Il Movimento delle Organizzazioni per la salute mentale presenta all’ARS un
formale documento di interrogazione. Nel mirino i ritardi accumulati dalla
sanità regionale
Si è tenuto oggi, presso la prestigiosa Sala Pio La Torre di Palazzo dei
Normanni, un cruciale e atteso incontro promosso dal Movimento Regionale delle Organizzazioni per la Salute Mentale in Sicilia. L’appuntamento ha saputo riunire in un’unica assemblea associazioni di settore, persone con esperienza diretta di disagio
psichico, familiari, professionisti sanitari, ordini professionali, cooperative sociali, nonché autorevoli rappresentanti del terzo settore, organizzazioni sindacali e operatori dei servizi
territoriali. L’incontro ha dato vita a un confronto estremamente partecipato e a tratti acceso, focalizzato interamente sul futuro e sulle criticità strutturali della salute mentale all’interno della regione.

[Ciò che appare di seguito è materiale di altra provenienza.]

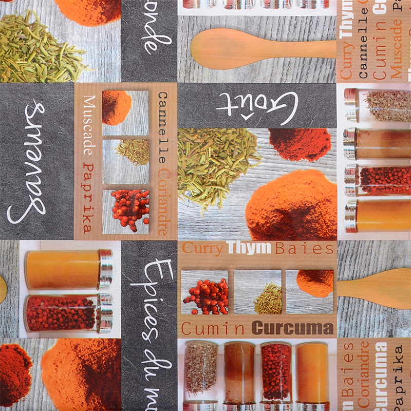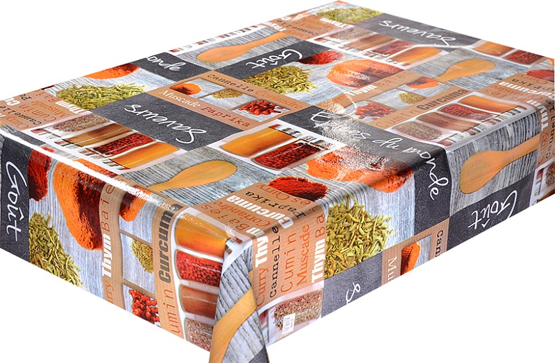 Клеенка для стола с глянцевым блеском "Специи" из ПВХ на нетканой основе. Этот материал обладает рядом преимуществ: очень мягкий, легкий, но прочный, антистатичный, экологически чистый. Клеенка удобна в эксплуатации и является хорошим вариантом для практичной хозяйки. Клеенка не боится пятен, пыли, частиц грязи и воды - ее не нужно стирать, достаточно лишь протереть влажной губкой.

Si tratta di una realtà ampia, fortemente composita e trasversale, che ha scelto di
presentarsi compattata di fronte alle massime istituzioni siciliane attraverso una piattaforma comune. Quest’ultima si articola in un Documento di interrogazione indirizzato formalmente all’Assessore regionale della Salute, il quale funge contestualmente da vero e
proprio “Manifesto degli Stati Generali della Salute Mentale in Sicilia”. L’opera rappresenta un solido documento politico-programmatico, meticolosamente costruito attraverso un
lungo e condiviso percorso di analisi tecnica, confronto territoriale e formulazione di proposte concrete.
«Le inadempienze e i ritardi accumulati in questi anni dipendono da una precisa
volontà politica oppure da una macchina amministrativa che rallenta, blocca o
disperde decisioni e progetti già ampiamente condivisi?»

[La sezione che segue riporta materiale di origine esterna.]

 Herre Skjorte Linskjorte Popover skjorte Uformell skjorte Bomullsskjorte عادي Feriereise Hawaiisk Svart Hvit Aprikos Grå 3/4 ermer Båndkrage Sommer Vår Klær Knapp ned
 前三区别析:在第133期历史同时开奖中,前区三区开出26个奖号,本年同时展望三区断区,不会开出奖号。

Questa è la domanda cruciale emersa con maggiore forza e determinazione durante lo svolgimento dei lavori a Palazzo dei Normanni. Una provocazione che scuote i vertici dell’assessorato e che esige risposte repentine e non più procrastinabili. Il Movimento ha
1infatti lanciato un monito perentorio alla giunta regionale: in assenza di un riscontro immediato e di impegni tangibili per il superamento delle attuali carenze assistenziali, La mobilitazione e il confronto si sposteranno inevitabilmente e in modo permanente davanti a Palazzo d’Orléans, sede della Presidenza della Regione Siciliana.

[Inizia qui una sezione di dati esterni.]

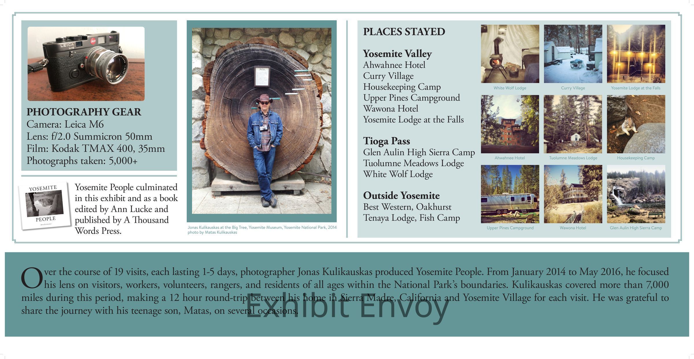Over the course of 19 visits, each lasting 1-5 days, photographer Jonas Kulikauskas produced Yosemite People. From January 2014 to May 2016, he focused his lens on visitors, workers, volunteers, rangers, and residents of all ages within the National Park’s boundaries. Kulikauskas covered more than 7,000 miles during this period, making a 12 hour round-trip between his home in Sierra Madre, California and Yosemite Village for each visit. He was grateful to share the journey with his teenage son, Matas, on several occasions.
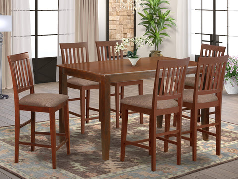 This rectangular counter height table sets have stunning Asian superb solid wood with an Mahogany finish. Choose a superb padded style seat to enhance your dining-room set. Counter height dining chair feature a slatted back design for max comfort level when sitting down. Pub table offers a lot of space for your large family with many people. Classy design kitchen table along with straight legs make this by far the most versatile counter height table together with chairs sets.

Nel corso del dibattito odierno è stato inoltre rimarcato il ruolo cardine e la necessità di riattivare appieno la Consulta regionale delle associazioni dei familiari, un organo fondamentale per garantire che la voce dei cittadini e dei pazienti non venga ignorata nei
processi decisionali. Le richieste sul tavolo includono il potenziamento dei servizi di diagnosi e cura, il superamento delle disparità territoriali nell’accesso alle terapie e un incremento strutturale delle risorse destinate ai dipartimenti di salute mentale, da anni in sofferenza a causa di tagli e carenze di personale organico.